DATA EXTRACT:
+ + + +
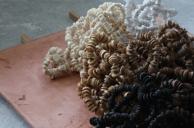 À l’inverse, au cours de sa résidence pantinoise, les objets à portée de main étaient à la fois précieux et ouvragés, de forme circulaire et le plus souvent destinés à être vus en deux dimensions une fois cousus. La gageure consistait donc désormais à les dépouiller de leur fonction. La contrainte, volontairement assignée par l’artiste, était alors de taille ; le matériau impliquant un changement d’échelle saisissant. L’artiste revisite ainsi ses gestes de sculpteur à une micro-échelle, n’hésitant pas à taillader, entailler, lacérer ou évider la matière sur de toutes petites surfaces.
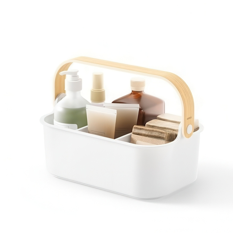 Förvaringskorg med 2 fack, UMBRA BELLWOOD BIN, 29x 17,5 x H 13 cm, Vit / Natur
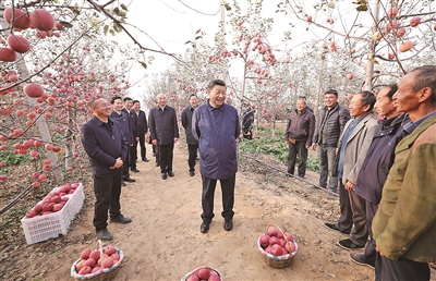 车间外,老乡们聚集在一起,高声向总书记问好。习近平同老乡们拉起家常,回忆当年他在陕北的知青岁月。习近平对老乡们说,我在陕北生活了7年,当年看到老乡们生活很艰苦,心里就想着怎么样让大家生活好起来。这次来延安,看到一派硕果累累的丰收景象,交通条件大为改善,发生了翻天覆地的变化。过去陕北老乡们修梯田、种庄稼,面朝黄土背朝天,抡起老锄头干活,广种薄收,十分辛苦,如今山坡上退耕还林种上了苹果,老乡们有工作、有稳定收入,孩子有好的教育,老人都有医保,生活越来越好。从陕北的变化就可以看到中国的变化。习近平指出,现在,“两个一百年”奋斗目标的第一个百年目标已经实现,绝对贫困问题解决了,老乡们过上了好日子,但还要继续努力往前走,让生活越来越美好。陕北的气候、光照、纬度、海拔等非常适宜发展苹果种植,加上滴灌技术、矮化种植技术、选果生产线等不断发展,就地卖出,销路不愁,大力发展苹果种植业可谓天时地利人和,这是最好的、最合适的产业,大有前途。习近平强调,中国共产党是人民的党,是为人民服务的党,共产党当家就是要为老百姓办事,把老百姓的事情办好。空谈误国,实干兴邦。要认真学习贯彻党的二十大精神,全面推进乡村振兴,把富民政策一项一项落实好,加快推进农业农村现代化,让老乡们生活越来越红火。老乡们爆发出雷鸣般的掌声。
+ + + +
AIM OF THE EXERCISE:
Leave out the pictures and copy the rest of the material above exactly.

RESPONSE BOX:
 À l’inverse, au cours de sa résidence pantinoise, les objets à portée de main étaient à la fois précieux et ouvragés, de forme circulaire et le plus souvent destinés à être vus en deux dimensions une fois cousus. La gageure consistait donc désormais à les dépouiller de leur fonction. La contrainte, volontairement assignée par l’artiste, était alors de taille ; le matériau impliquant un changement d’échelle saisissant. L’artiste revisite ainsi ses gestes de sculpteur à une micro-échelle, n’hésitant pas à taillader, entailler, lacérer ou évider la matière sur de toutes petites surfaces.
 Förvaringskorg med 2 fack, UMBRA BELLWOOD BIN, 29x 17,5 x H 13 cm, Vit / Natur
 车间外,老乡们聚集在一起,高声向总书记问好。习近平同老乡们拉起家常,回忆当年他在陕北的知青岁月。习近平对老乡们说,我在陕北生活了7年,当年看到老乡们生活很艰苦,心里就想着怎么样让大家生活好起来。这次来延安,看到一派硕果累累的丰收景象,交通条件大为改善,发生了翻天覆地的变化。过去陕北老乡们修梯田、种庄稼,面朝黄土背朝天,抡起老锄头干活,广种薄收,十分辛苦,如今山坡上退耕还林种上了苹果,老乡们有工作、有稳定收入,孩子有好的教育,老人都有医保,生活越来越好。从陕北的变化就可以看到中国的变化。习近平指出,现在,“两个一百年”奋斗目标的第一个百年目标已经实现,绝对贫困问题解决了,老乡们过上了好日子,但还要继续努力往前走,让生活越来越美好。陕北的气候、光照、纬度、海拔等非常适宜发展苹果种植,加上滴灌技术、矮化种植技术、选果生产线等不断发展,就地卖出,销路不愁,大力发展苹果种植业可谓天时地利人和,这是最好的、最合适的产业,大有前途。习近平强调,中国共产党是人民的党,是为人民服务的党,共产党当家就是要为老百姓办事,把老百姓的事情办好。空谈误国,实干兴邦。要认真学习贯彻党的二十大精神,全面推进乡村振兴,把富民政策一项一项落实好,加快推进农业农村现代化,让老乡们生活越来越红火。老乡们爆发出雷鸣般的掌声。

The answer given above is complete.